People will blame our litigious culture for these silly admonitions, but except for a few well-publicized (and usually misrepresented) cases, I don’t think someone sliding a pickup truck down a ski slope has much hope of suing Toyota, warning or not. I think there’s a culture of fear that makes boardrooms timid, just as parents drive their kids to school despite ample evidence that the kids are better off walking. It’s all about worst-case thinking.
Who benefits from that fear? Some guy on retainer to Mazda who gets paid five thousand bucks to look at the latest ad and say, “Put ‘Professional driver on a closed course. Do not attempt.’ at the bottom.” Based on Mazda’s lawyer not altering the text to mention angry carnivores, I wonder if he even watched the ad before submitting his careful analysis. What does Mazda get in return? The VP of marketing can tell the board “we asked a lawyer” if someone gets upset.
My strongest argument for why this is corporate cowardice rather than a reflection of our litigious society lies in Hollywood. There are no disclaimers in movies. Stupid people have died replicating stunts in movies. There was a movie where people lay on the double-yellow in the middle of a road. When a kid died replicating that stunt, the studio was not sued out of existence.
In the face of ample evidence that disclaimers are unnecessary and not even that useful when things do go wrong, advertisers still tell me not to operate my car in any circumstances. Hollywood is simply braver than Madison Avenue, as hard as that is to believe.
Hollywood simply hides their disclaimers in the ratings. Here’s the MPAA rating for “Jackass”:
“Rated R for dangerous, sometimes extremely crude stunts, language and nudity”
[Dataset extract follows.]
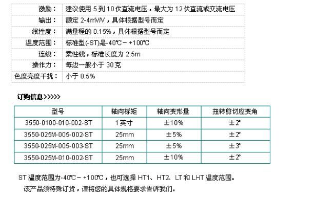 详细信息| 询价留言品牌:美国EPSILON 型号:3550 加工定制:否 外形尺寸:- mm 重量:- ㎏ 产品用途:- 测量范围:- 重量:- ㎏ 产品用途:- 3550 轴向扭转引伸计在轴向/扭转试验机上同时测量轴向和扭转应变 •标距:10-25mm •测量范围:轴向5%和10%,*大2.5°扭转角 •温度范围:-270℃~+200℃ •主要特点:轴向扭转

You might be thinking, “but they don’t say not to attempt to recreate those dangerous stunts,” but apparently that’s implied in MPAA ratings. Here’s the rating for “Rango”:
“Rated PG for rude humor, language, action and smoking”
Obviously, nobody should smoke. At least tobacco. And just as Mazda thinks we shouldn’t drive, under any conditions, Hollywood thinks we shouldn’t get off the couch and be active. Unless “rude” is intended to modify everything that follows, in which case polite smoking is OK.
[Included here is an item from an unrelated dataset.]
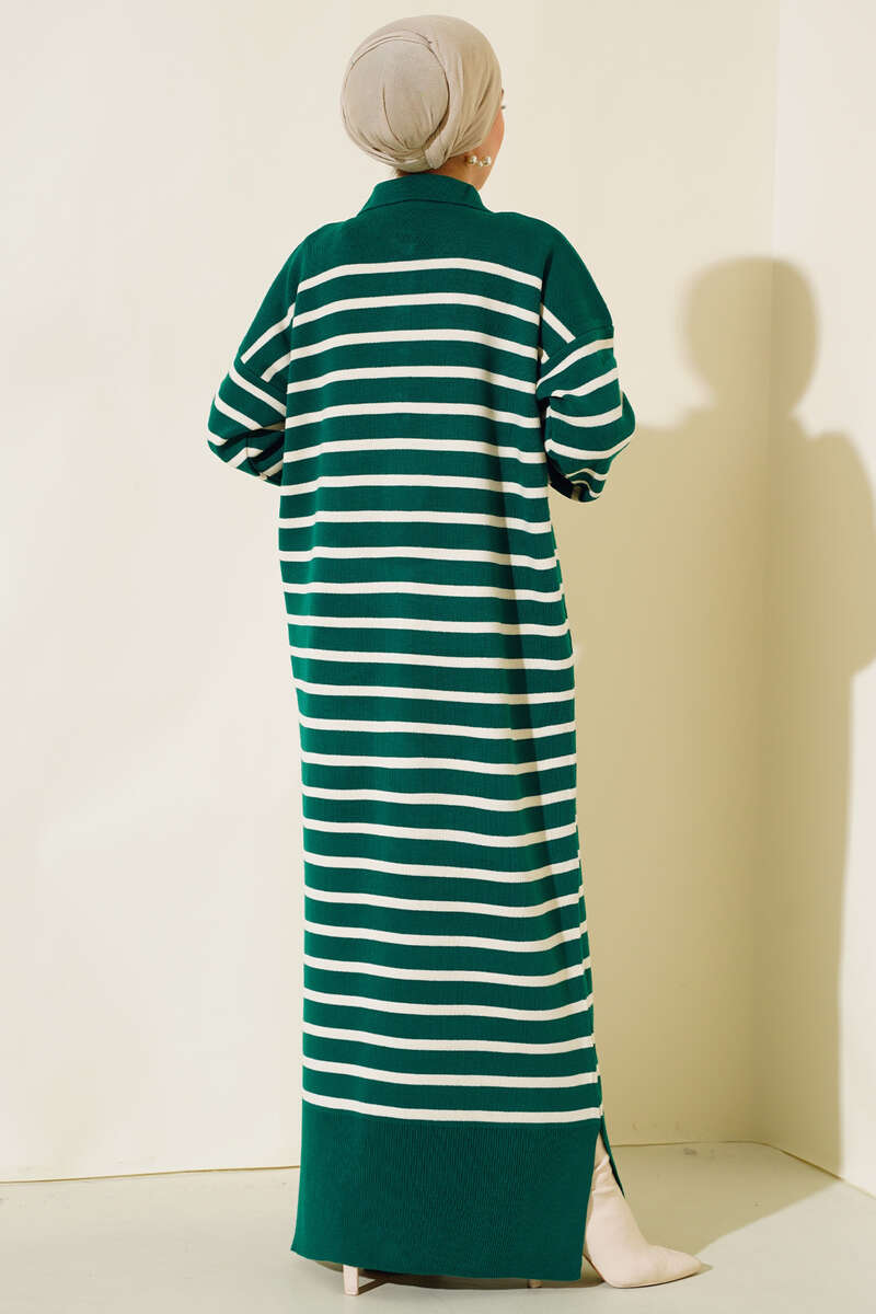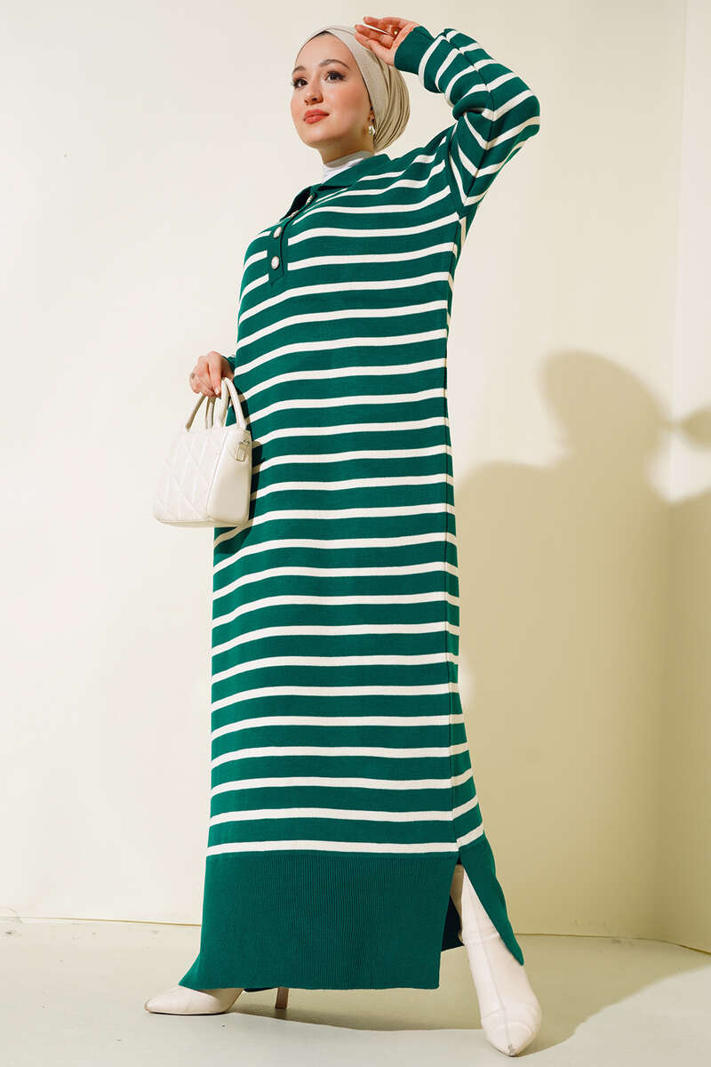 Çizgili Düğmeli Triko Elbise Zümrüt Yeşili

I’m sure Jackass begins with several other disclaimers as well. It’s “reality” cinema. Perhaps I’m splitting hairs here, but when I say ‘movie’ I’m implying some attempt to tell a story. Jackass by my definition is not a movie.
Holy shit I’ve become a film snob with a lower threshold.
I suppose it’s neither here nor there, but I am most offended by the need to denigrate nature to sell a product. “Look at this beautiful animal. After millions of years of evolution it can attain speeds up to 70mph. We’re gonna thumb our nose at that to show this mazda will go 2×70 mph.” And this is meaningful somehow? I wonder how many cheetah, wild horse, big horn sheep, and gazelle preservation programs Mazda, Ford, Dodge, and Buick have donated to.